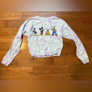 Disney womens/juniors long sleeve cropped tee. Pink and white tie dye. Print on both back and front. Size small.
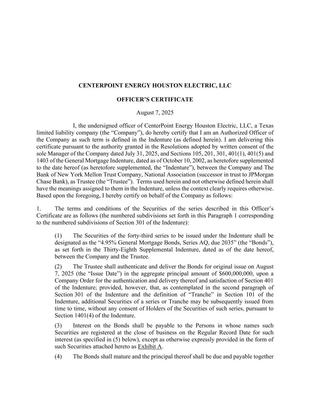 CENTERPOINT ENERGY HOUSTON ELECTRIC, LLC OFFICER’S CERTIFICATE August 7, 2025 I, the undersigned officer of CenterPoint Energy Houston Electric, LLC, a Texas limited liability company (the “Company”), do hereby certify that I am an Authorized Officer of the Company as such term is defined in the Indenture (as defined herein). I am delivering this certificate pursuant to the authority granted in the Resolutions adopted by written consent of the sole Manager of the Company dated July 31, 2025, and Sections 105, 201, 301, 401(1), 401(5) and 1403 of the General Mortgage Indenture, dated as of October 10, 2002, as heretofore supplemented to the date hereof (as heretofore supplemented, the “Indenture”), between the Company and The Bank of New York Mellon Trust Company, National Association (successor in trust to JPMorgan Chase Bank), as Trustee (the “Trustee”). Terms used herein and not otherwise defined herein shall have the meanings assigned to them in the Indenture, unless the context clearly requires otherwise. Based upon the foregoing, I hereby certify on behalf of the Company as follows: 1. The terms and conditions of the Securities of the series described in this Officer’s Certificate are as follows (the numbered subdivisions set forth in this Paragraph 1 corresponding to the numbered subdivisions of Section 301 of the Indenture): (1) The Securities of the forty-third series to be issued under the Indenture shall be designated as the “4.95% General Mortgage Bonds, Series AQ, due 2035” (the “Bonds”), as set forth in the Thirty-Eighth Supplemental Indenture, dated as of the date hereof, between the Company and the Trustee. (2) The Trustee shall authenticate and deliver the Bonds for original issue on August 7, 2025 (the “Issue Date”) in the aggregate principal amount of $600,000,000, upon a Company Order for the authentication and delivery thereof and satisfaction of Section 401 of the Indenture; provided, however, that, as contemplated in the second paragraph of Section 301 of the Indenture and the definition of “Tranche” in Section 101 of the Indenture, additional Securities of a series or Tranche may be subsequently issued from time to time, without any consent of Holders of the Securities of such series, pursuant to Section 1401(4) of the Indenture. (3) Interest on the Bonds shall be payable to the Persons in whose names such Securities are registered at the close of business on the Regular Record Date for such interest (as specified in (5) below), except as otherwise expressly provided in the form of such Securities attached hereto as Exhibit A. (4) The Bonds shall mature and the principal thereof shall be due and payable together
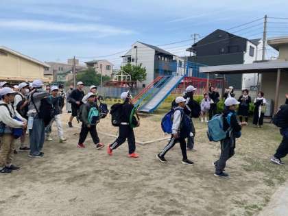午前7時30分に運動場に集合し、6年生は、元気に出発しました。
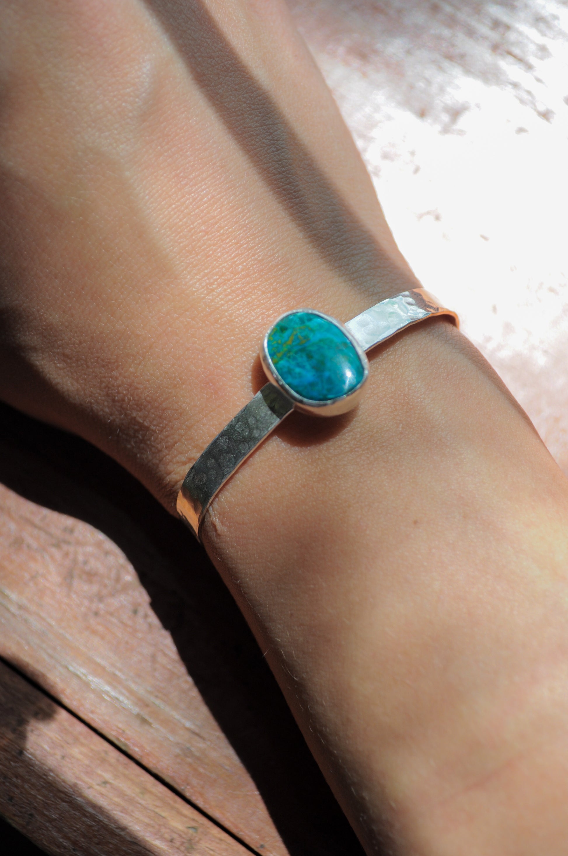 This size small open-bangle bracelet features a textured band with a dark-toned chrysocolla stone.
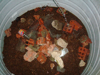 Photo: Hussain puts flower planters on top of the digester as weights to increase the pressure pushing the gas down to his stove in his apartment below. Culhane discusses the need to build a cage support to hold the gas collector stable.
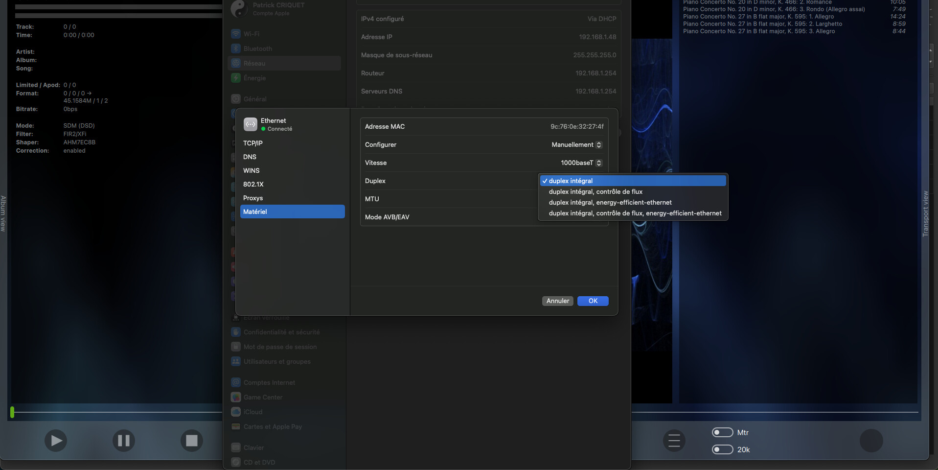 There’s one interesting glitch anyway (with either box or TC ethernet connections): if I try to ensure 802.3x hardware network settings they always revert to full duplex, it is impossible to get an option with flux control and/or energy efficiency to stick (picture is in French but shouldn’t be difficult to decypher.
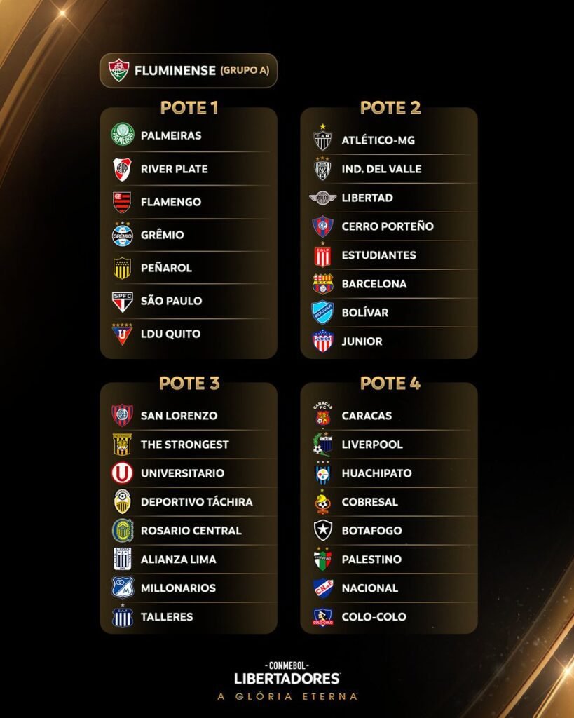 A Conmebol também vai sortear na segunda-feira a fase de grupos da Copa Sul-Americana, que contará com seis times brasileiros: Athletico-PR, Corinthians, Cruzeiro, Cuiabá, Fortaleza e Internacional.
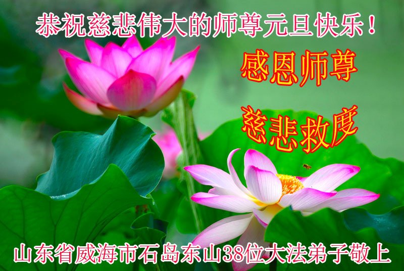 煙台市萊山區大法弟子向師父問好!師父新年好!新年快樂!
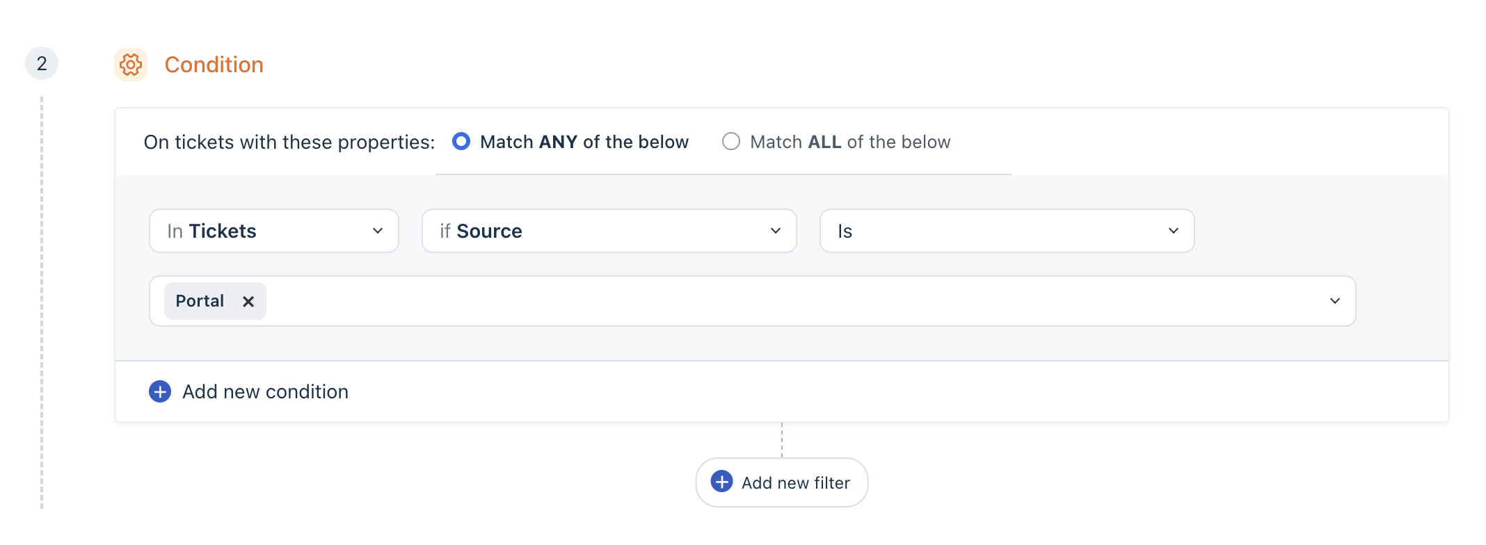 - Click Add new condition to specify additional ticket properties. You can specify whether the rule should be triggered if ANY of the conditions are met, or if ALL must be met.
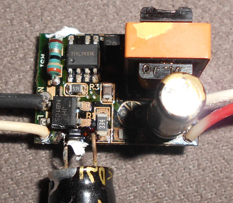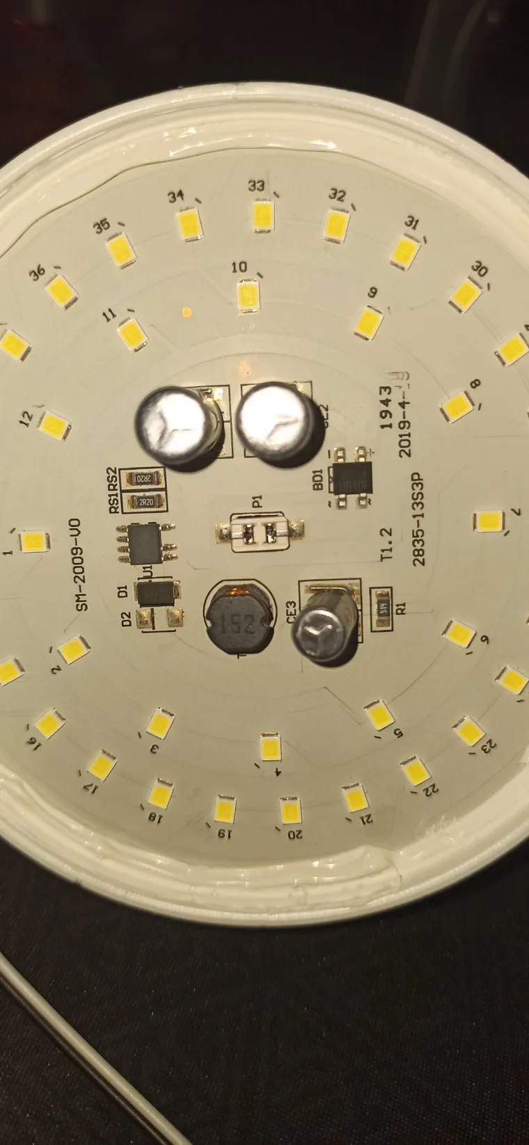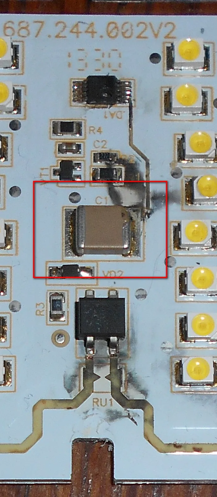 Еще я бы не исключал микротрещины в пайках . После хорошего прогрева где - то "пропадает" контакт и лампа гаснет. Ранее я так попался , когда у меня разнесло в светильнике микросхему стабилизации тока при включении стиральной машины . Дело было в плохой пайке SMD конденсатора 100nF*400v после диодного моста. А без него нельзя эксплуатировать светильник. У меня не сходилось почему в светильнике три одинаковые платы , а одна вообще никак не пострадала от броска напряжения в сети. Ранее я это тоже описывал :

━━━━━━

## EXERCISE DETAILS:
Between and including the line with "煙台市萊山區大法弟子向師父問好!師父新年好!新年快樂!" and the line with "- Click Add", repeat every line exactly as it appears above, with pictures left out.

## THE COMPLETED TASK:
 煙台市萊山區大法弟子向師父問好!師父新年好!新年快樂!
 - Click Add new condition to specify additional ticket properties. You can specify whether the rule should be triggered if ANY of the conditions are met, or if ALL must be met.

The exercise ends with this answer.